Kent cast the lone dissenting vote on the resolution, which passed 4-1.
Hubbard said he favored the application because, unlike the other apartment buildings built as workforce or, in the case of Peconic Crossing, low-income housing, it is a “market rate” development. The market-rate rentals will be inhabited by people who have disposable income to spend downtown. Hubbard said this is the kind of development needed to promote downtown revitalization.
“You’re going to have a vibrant downtown,” Hubbard said.
Councilman Frank Beyrodt thanked “the planning staff for their thorough account and defense of the application. I know in the short time that I’ve been involved in this town, I’ve heard this application defended at least two to three times very capably and aptly by the planning department.”
Councilwoman Jodi Giglio cautioned that “SEQRA is not be used as a sword.” She said she believes a thorough review has been undertaken. “I feel like we are beating the SEQRA determination to death.”
“I’m a stakeholder and a property owner in downtown and I’m very passionate about downtown and its revitalization. I think this is a great project to bring downtown,” Giglio said.
“This project should have been voted on last year,” Supervisor Yvette Aguiar said. It’s only 36 units. I’ve reviewed it in detail with the planning department,” she said before casting her vote in favor of the negative declaration.
The proposal calls for razing the buildings currently on the site, including the Norton House, a building constructed circa 1855 by blacksmith Richard Norton, who “specialized in fashioning the iron work for numerous vessels built in nearby shipyards during the second half of the 19th century,” according to comments submitted to the town board by the landmarks preservation committee. The Norton House was most recently occupied by a Subway sandwich shop on the ground floor and residential uses above.
The LPC recommended having the developer move the Norton House to the north side of East Main Street, between the Tuthill-Mangano Funeral Home and the Howell House (in an area that is currently part of a municipal parking lot.) “The loss of five (5) parking space would be a minimal sacrifice in exchange for preserving an original 19th century structure,” the LPC said.

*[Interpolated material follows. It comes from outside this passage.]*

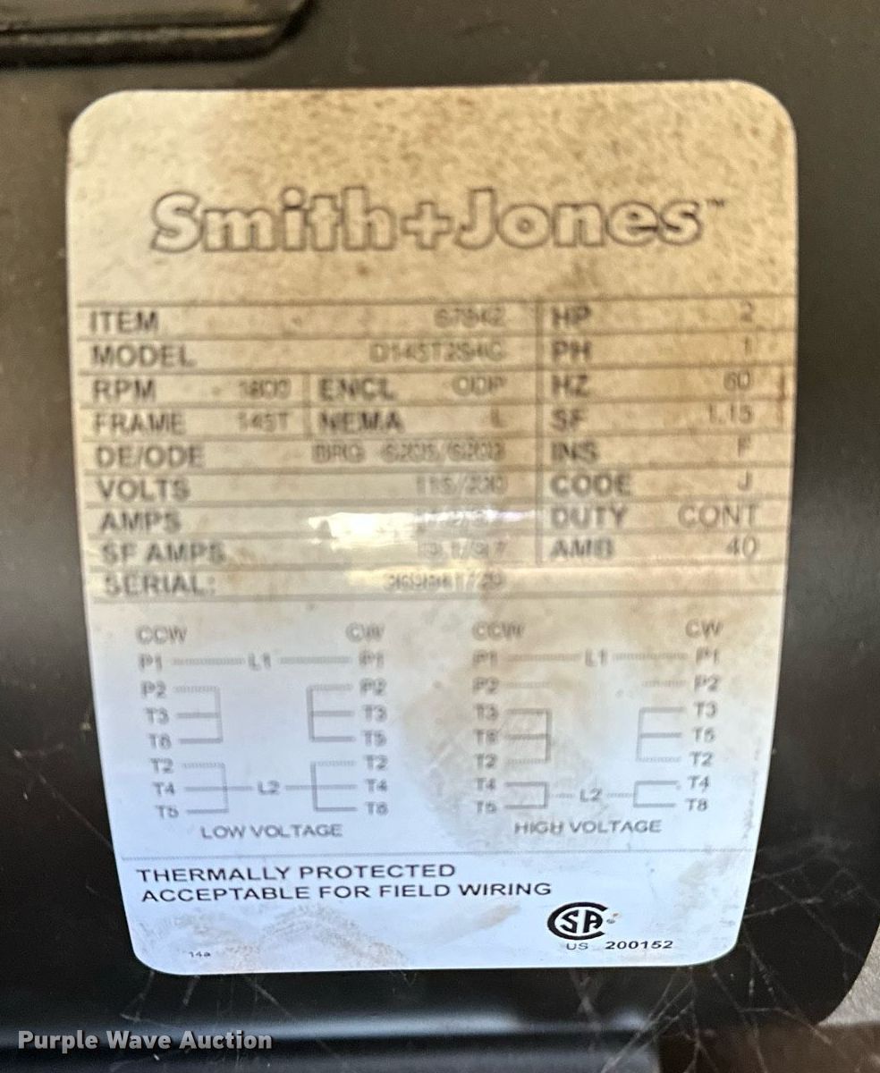 Squeeze chute. Serial: 369841729. Features Overall dimensions: 95� L x 56� W, Hydraulic controls. Electric Motor Smith Jones D145T2S4C HP: 2, RPM: 1800, PH: 1, Volts: 115/230. Elmer Hamann Retirement Auction. Aurora, CO 80011

The State Office of Parks, Recreation and Historic Preservation said the existing structures are not eligible for listing in the state and national registers of historic places, according to the town board resolution, but noted the project area is adjacent to the State and National Register-listed Riverhead Main Street and Second and Ostrander historic districts. The proposed project as currently designed will have no adverse impact on historic resources, the state agency said, according to the resolution.
The developer, “in an effort to mitigate the loss of the Norton House,” has agreed to commemorate the Norton House and Richard Norton “by documenting the existing structures and placing a permanent display in the lobby of the building or in one of the display windows along Main Street.” The developer has also offered to name the building “the Shipyard.”
While the existing structures are demolished (60 to 100 days) and during the first six to eight months of construction, the parking district access roadway that runs along the east side of the Salvation Army building would be closed to traffic.